- EXERCISE AIM -
Beginning with the line containing "SLG RMA Policy" and going on through the line containing "Optional fully automatic", the lines below are to be returned exactly, pictures excluded and nothing added.

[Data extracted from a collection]

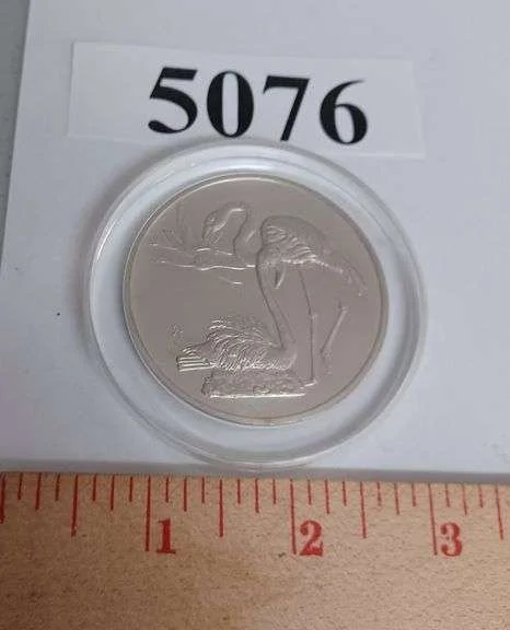 5076 1971 Franklin Mint Robert's Birds Greater Flamingo No. 6 Sterling Silver round in plastic case, 2 oz.
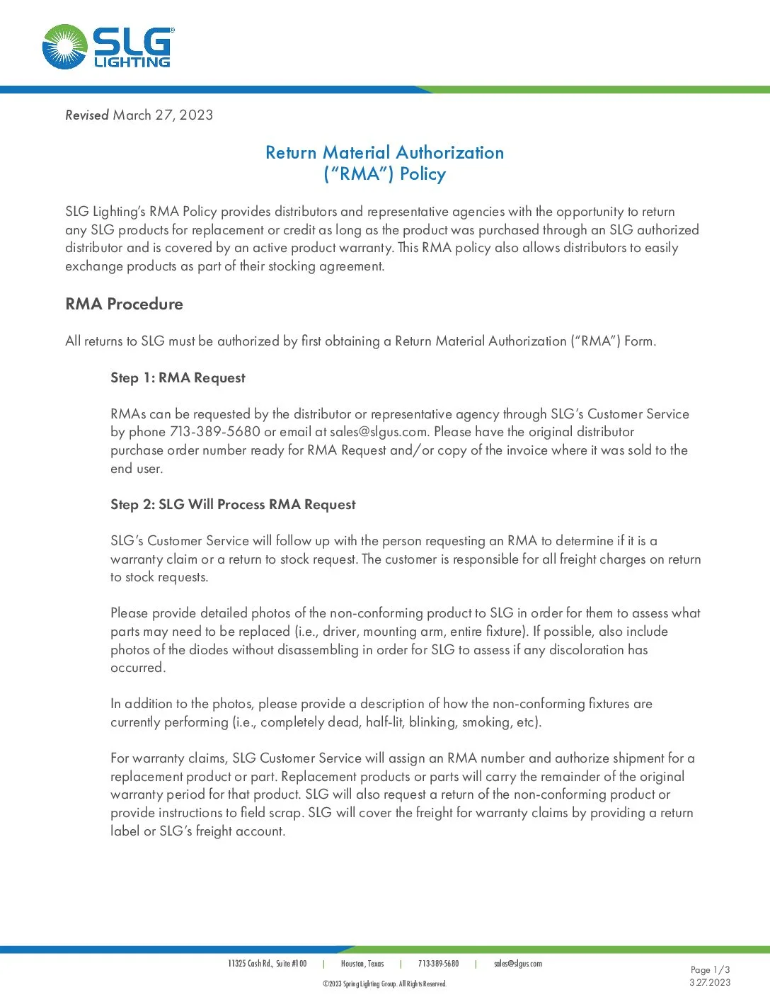 SLG RMA Policy
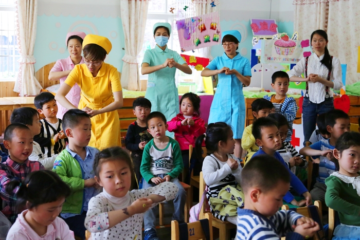 ??? 四月的春天枝繁葉茂,綠意濃濃,和煦的春光向人們傳遞著陣陣暖意。4月17日下午,我院外科片護士長陳月卿帶領(lǐng)由口腔科、產(chǎn)科、兒科、婦科、手術(shù)室10名醫(yī)護人員組成的志愿者隊伍來到柯城區(qū)教工幼兒園,為幼兒們進行口腔保健、手衛(wèi)生知識宣教指導(dǎo)。
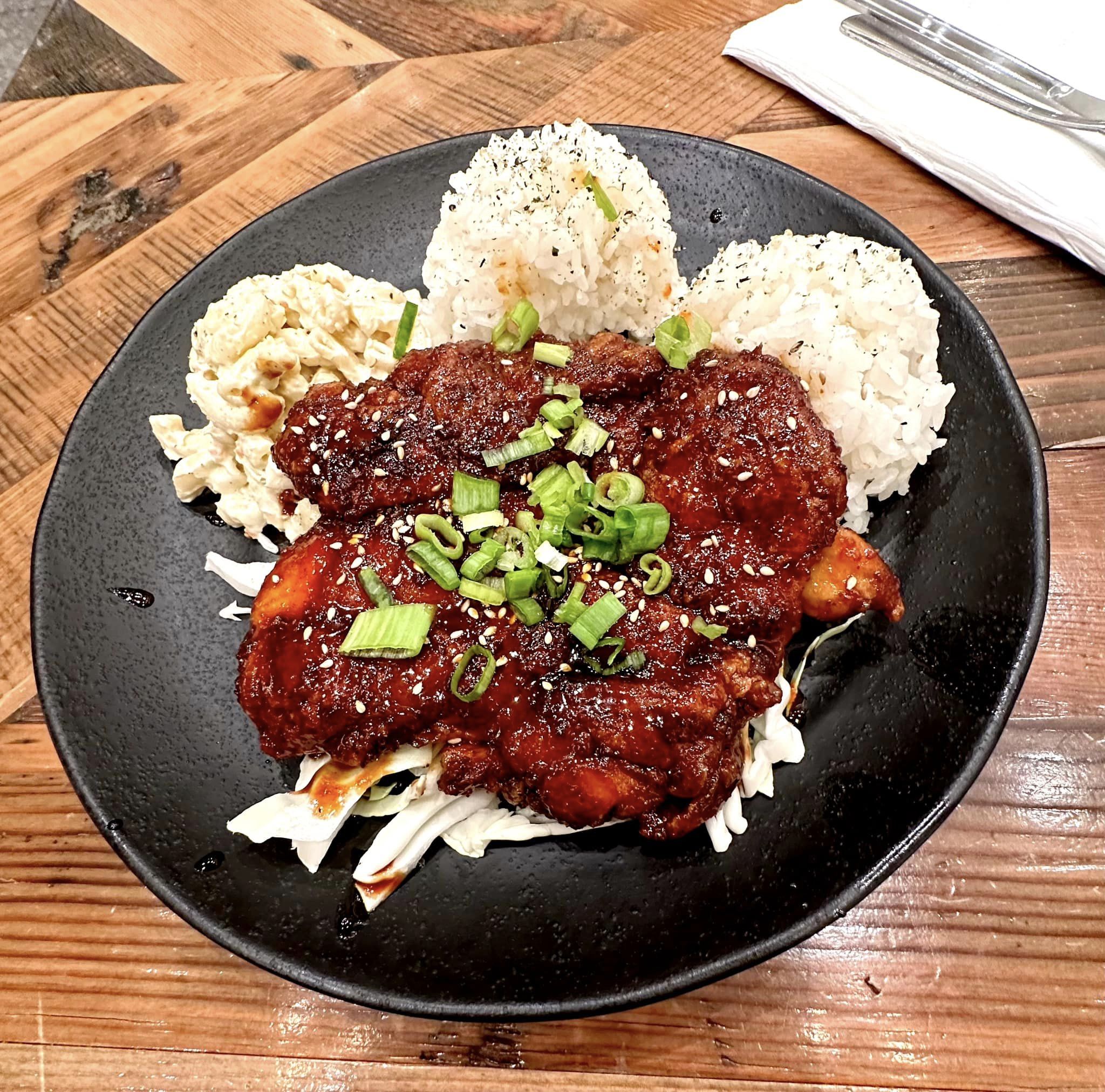 Must-try meals are the Ai Pono originals like Da Mento "Fuckin" Bento. It includes guava chili pepper chicken, mac salad rice, lollipop shrimp, hot dog, spam mahi mahi, fish jun, and beef. And, if you have lunch earlier in the day, ask for the curry oxtail soup special that sells out by 6 pm daily.
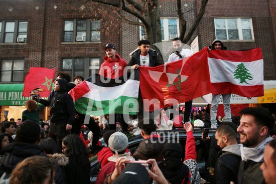 ny141222205506 Fans holding the national flags of Palestine, Morocco and Lebanon stand on top of a car in Astoria, Queens after the 2022 World Cup match between Morocco and France, on Wednesday, Dec. 14, 2022. Despite a loss against France, fans of Morocco?s team spilled onto the streets to celebrate. (Rengim Mutevellioglu/The New York Times/Fotoarena)
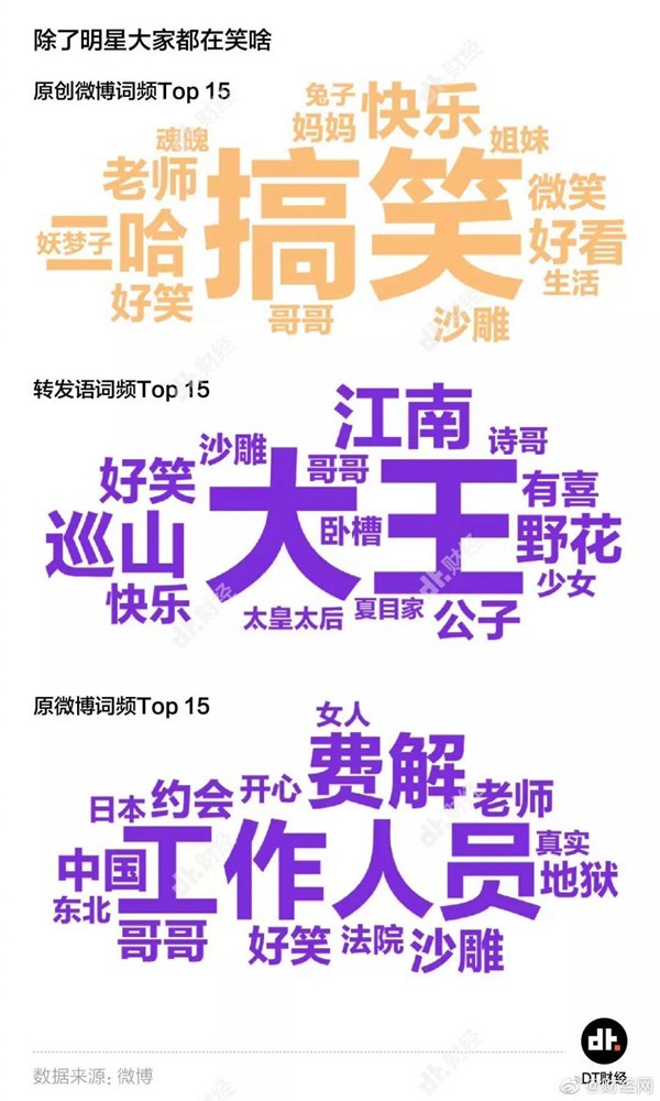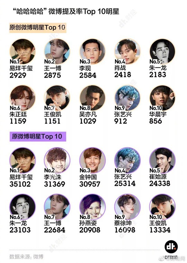 数据显示,星期二是微博最快乐的一天,甚至比周末还要快乐。一到午休,“哈哈哈”的微博数量就开始飙升,这个高峰也一直持续到了下午14点。同时,现代人至少有近1/3的微博快乐来自于追星。原创“哈哈哈哈”微博提及的明星Top 10是清一色的热门偶像,占据两榜第一的@TFBOYS-易烊千玺 成为了互联网上最大的快乐源泉。
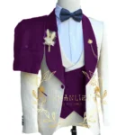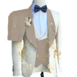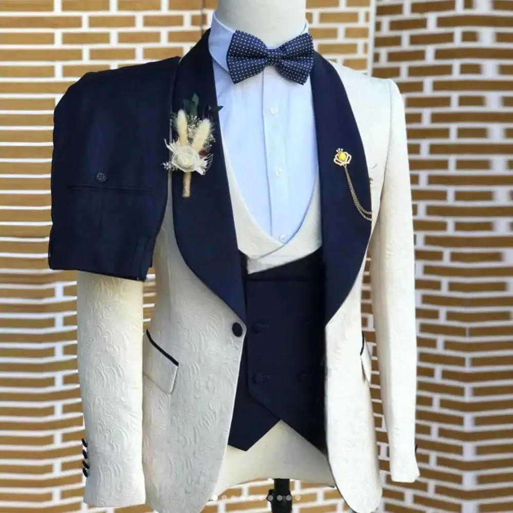 Elegant Ivory Jacquard Suits Men For Wedding Formal Jacket Vest Pants 3 Pieces Groomsman Tuxedos Tailored Male Fashion Clothing
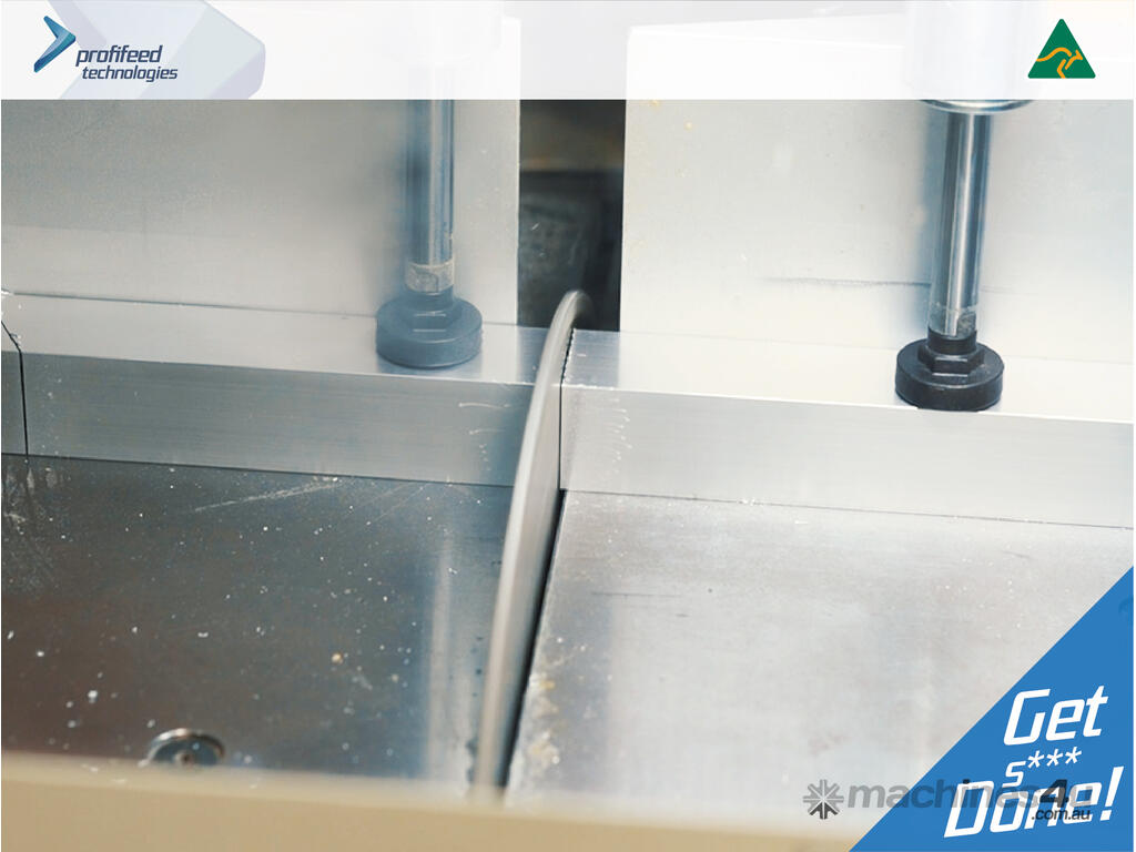 Optional fully automatic inline optimiser. Automatic measuring of aluminium profile lengths using a laser sensor and on-the-fly job list optimisation against the length measured for minimised wastage in offcuts. Automatic printing of job / part number labels for each part produced (optional).
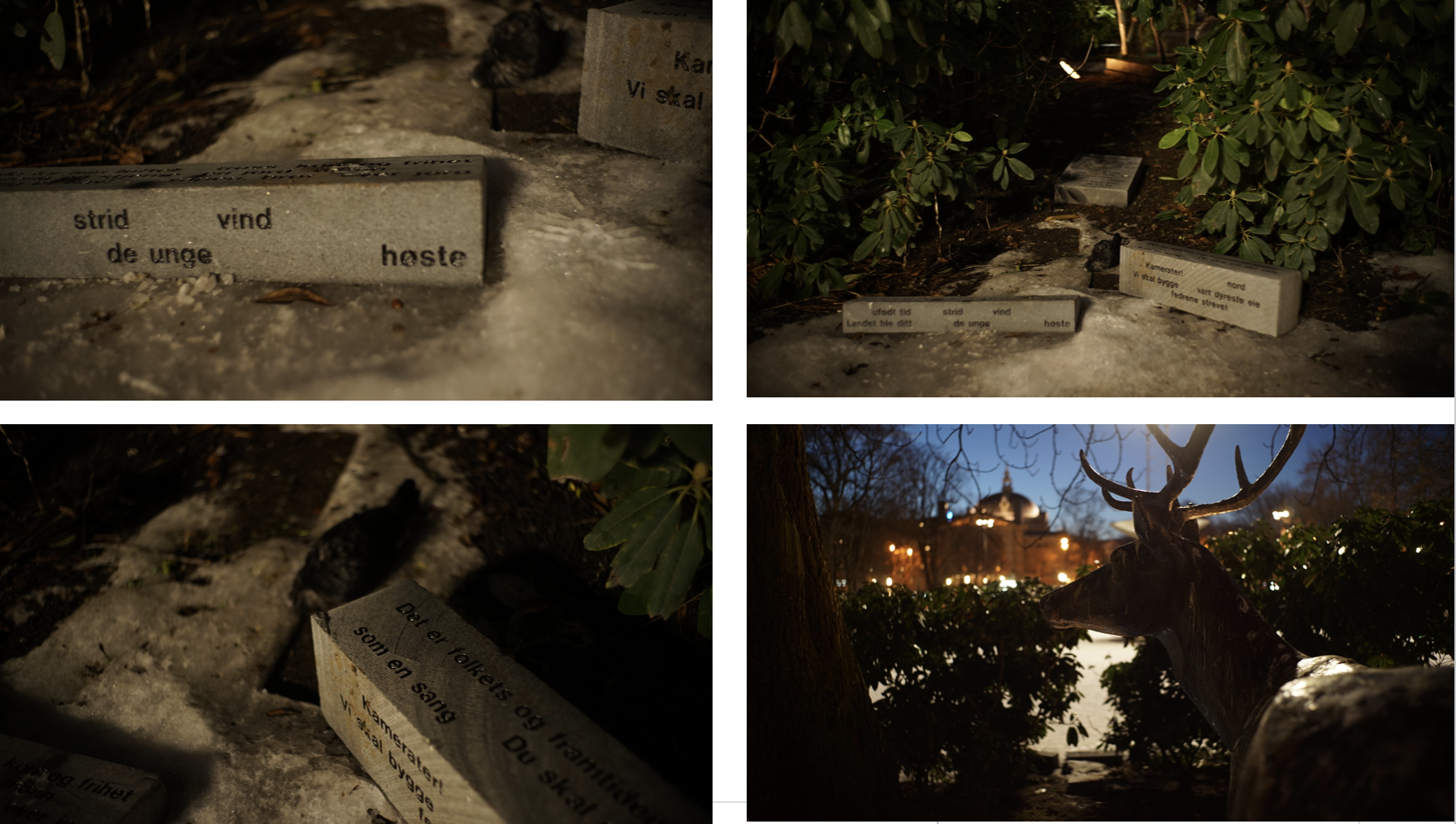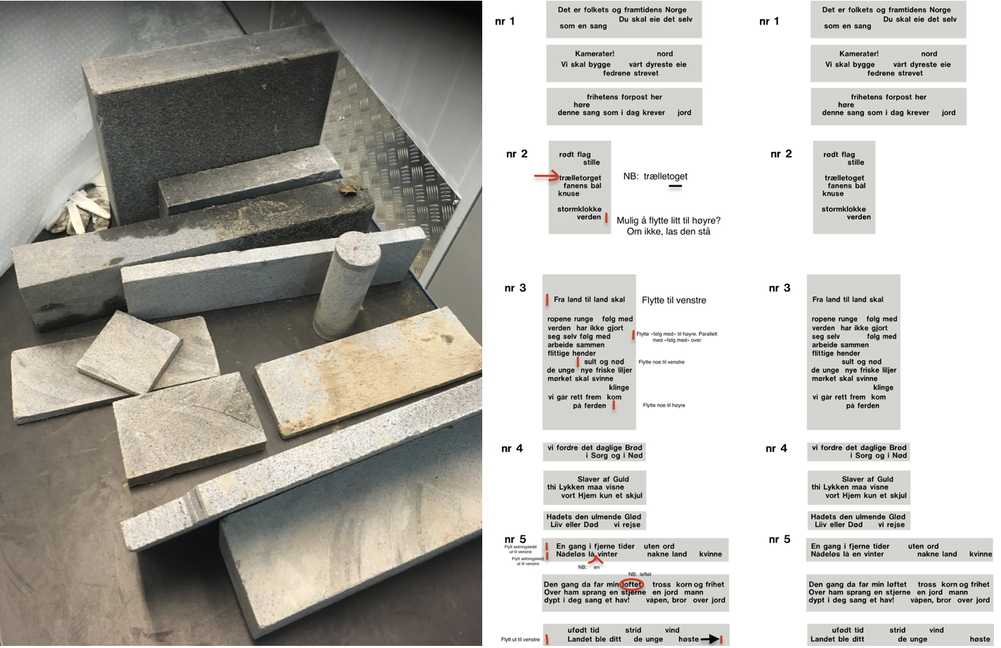 På samme tid som jeg arbeidet med disse fem arbeidersangene og reduksjonen av tekstene, kom jeg over noen steiner som lå i en søppelhaug i forbindelse med byggingen av Spikkestad kirke- og kultursenter. Det var litauiske og polske fremmedarbeidere som hugget til og la disse steinene i forbindelse med byggingen av kirken. Senere viste det seg at steinen antageligvis var importert fra Portugal eller Kina. Jeg tok en håndfull av disse tunge steinene med meg i bilen. Det var en ren innskytelse der og da, men i løpet av noen dager bestemte jeg meg for å trykke de reduserte tekstene fra arbeidersangene på disse steinene.

- RESPONSE AREA -
 SLG RMA Policy
 ??? 四月的春天枝繁葉茂,綠意濃濃,和煦的春光向人們傳遞著陣陣暖意。4月17日下午,我院外科片護士長陳月卿帶領(lǐng)由口腔科、產(chǎn)科、兒科、婦科、手術(shù)室10名醫(yī)護人員組成的志愿者隊伍來到柯城區(qū)教工幼兒園,為幼兒們進行口腔保健、手衛(wèi)生知識宣教指導(dǎo)。
 Must-try meals are the Ai Pono originals like Da Mento "Fuckin" Bento. It includes guava chili pepper chicken, mac salad rice, lollipop shrimp, hot dog, spam mahi mahi, fish jun, and beef. And, if you have lunch earlier in the day, ask for the curry oxtail soup special that sells out by 6 pm daily.
 ny141222205506 Fans holding the national flags of Palestine, Morocco and Lebanon stand on top of a car in Astoria, Queens after the 2022 World Cup match between Morocco and France, on Wednesday, Dec. 14, 2022. Despite a loss against France, fans of Morocco?s team spilled onto the streets to celebrate. (Rengim Mutevellioglu/The New York Times/Fotoarena)
 数据显示,星期二是微博最快乐的一天,甚至比周末还要快乐。一到午休,“哈哈哈”的微博数量就开始飙升,这个高峰也一直持续到了下午14点。同时,现代人至少有近1/3的微博快乐来自于追星。原创“哈哈哈哈”微博提及的明星Top 10是清一色的热门偶像,占据两榜第一的@TFBOYS-易烊千玺 成为了互联网上最大的快乐源泉。
 Elegant Ivory Jacquard Suits Men For Wedding Formal Jacket Vest Pants 3 Pieces Groomsman Tuxedos Tailored Male Fashion Clothing
 Optional fully automatic inline optimiser. Automatic measuring of aluminium profile lengths using a laser sensor and on-the-fly job list optimisation against the length measured for minimised wastage in offcuts. Automatic printing of job / part number labels for each part produced (optional).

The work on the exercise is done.